- _Extracted information_
▼▼▼

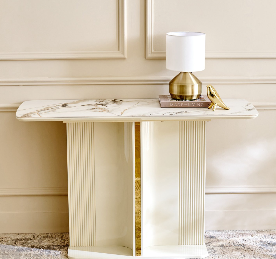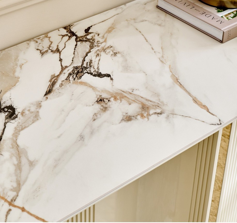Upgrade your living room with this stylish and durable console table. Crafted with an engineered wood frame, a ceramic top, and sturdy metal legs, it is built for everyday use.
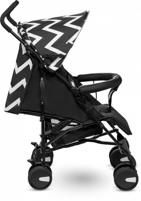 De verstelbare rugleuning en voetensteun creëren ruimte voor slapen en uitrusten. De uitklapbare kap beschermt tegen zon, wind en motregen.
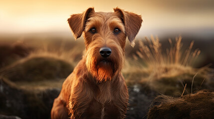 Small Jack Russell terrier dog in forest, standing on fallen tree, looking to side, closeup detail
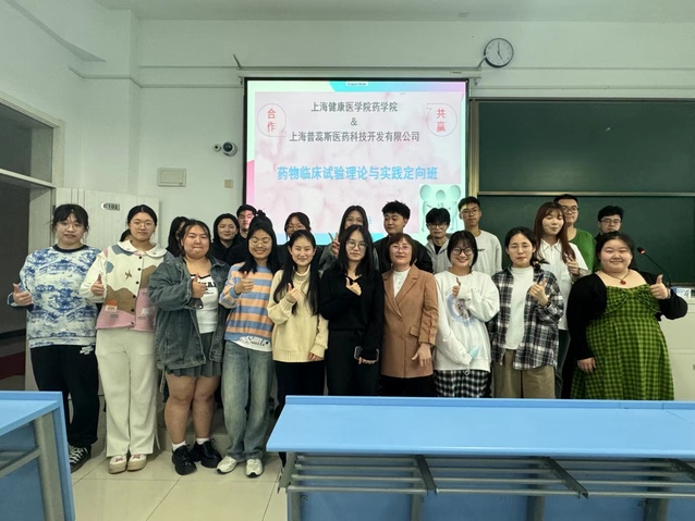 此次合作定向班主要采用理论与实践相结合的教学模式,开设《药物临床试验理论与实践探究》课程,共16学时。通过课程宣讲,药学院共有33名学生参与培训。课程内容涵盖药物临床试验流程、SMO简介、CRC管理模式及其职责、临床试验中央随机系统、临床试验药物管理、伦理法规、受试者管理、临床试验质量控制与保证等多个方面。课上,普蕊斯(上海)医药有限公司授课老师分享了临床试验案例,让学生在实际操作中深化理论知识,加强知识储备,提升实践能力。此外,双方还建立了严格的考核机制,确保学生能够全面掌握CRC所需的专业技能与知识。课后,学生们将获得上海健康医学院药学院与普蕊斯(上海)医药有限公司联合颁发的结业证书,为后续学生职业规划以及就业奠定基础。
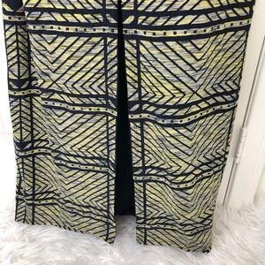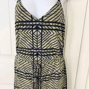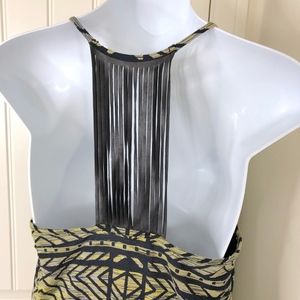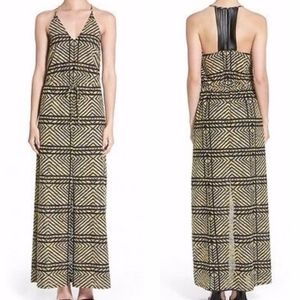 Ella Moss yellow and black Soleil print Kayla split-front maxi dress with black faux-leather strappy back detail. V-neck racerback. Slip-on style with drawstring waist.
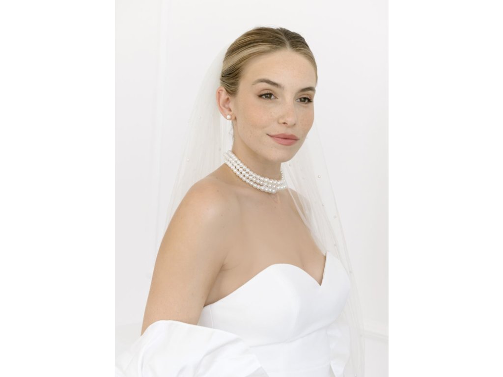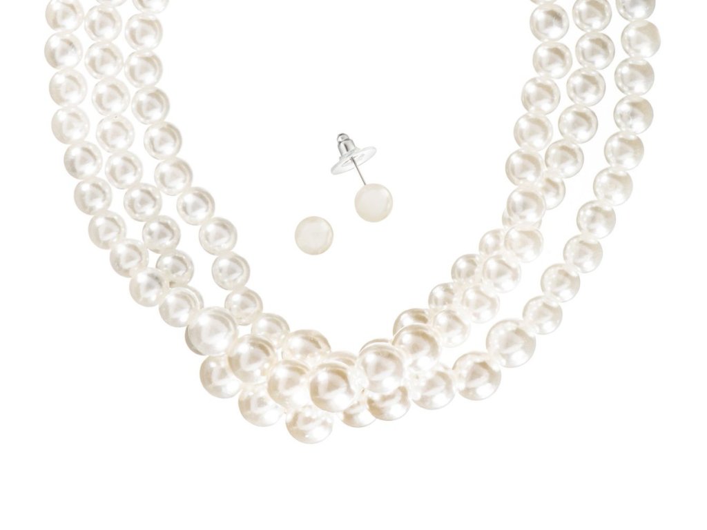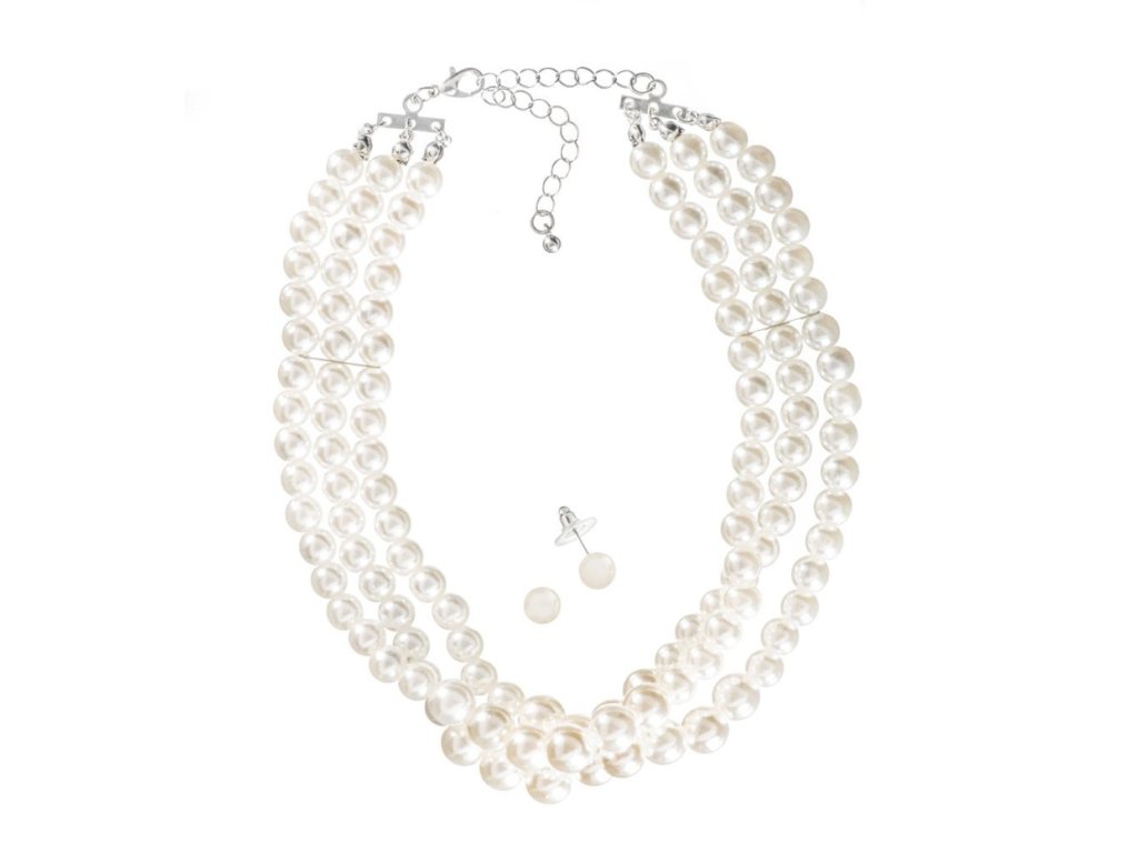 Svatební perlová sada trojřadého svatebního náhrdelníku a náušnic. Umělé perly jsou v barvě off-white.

▲▲▲

- _Work order_
Keep each line of the records exactly as it is while transcribing them, but leave the images behind.

- _Answer below_
Upgrade your living room with this stylish and durable console table. Crafted with an engineered wood frame, a ceramic top, and sturdy metal legs, it is built for everyday use.
 De verstelbare rugleuning en voetensteun creëren ruimte voor slapen en uitrusten. De uitklapbare kap beschermt tegen zon, wind en motregen.
 Small Jack Russell terrier dog in forest, standing on fallen tree, looking to side, closeup detail
 此次合作定向班主要采用理论与实践相结合的教学模式,开设《药物临床试验理论与实践探究》课程,共16学时。通过课程宣讲,药学院共有33名学生参与培训。课程内容涵盖药物临床试验流程、SMO简介、CRC管理模式及其职责、临床试验中央随机系统、临床试验药物管理、伦理法规、受试者管理、临床试验质量控制与保证等多个方面。课上,普蕊斯(上海)医药有限公司授课老师分享了临床试验案例,让学生在实际操作中深化理论知识,加强知识储备,提升实践能力。此外,双方还建立了严格的考核机制,确保学生能够全面掌握CRC所需的专业技能与知识。课后,学生们将获得上海健康医学院药学院与普蕊斯(上海)医药有限公司联合颁发的结业证书,为后续学生职业规划以及就业奠定基础。
 Ella Moss yellow and black Soleil print Kayla split-front maxi dress with black faux-leather strappy back detail. V-neck racerback. Slip-on style with drawstring waist.
 Svatební perlová sada trojřadého svatebního náhrdelníku a náušnic. Umělé perly jsou v barvě off-white.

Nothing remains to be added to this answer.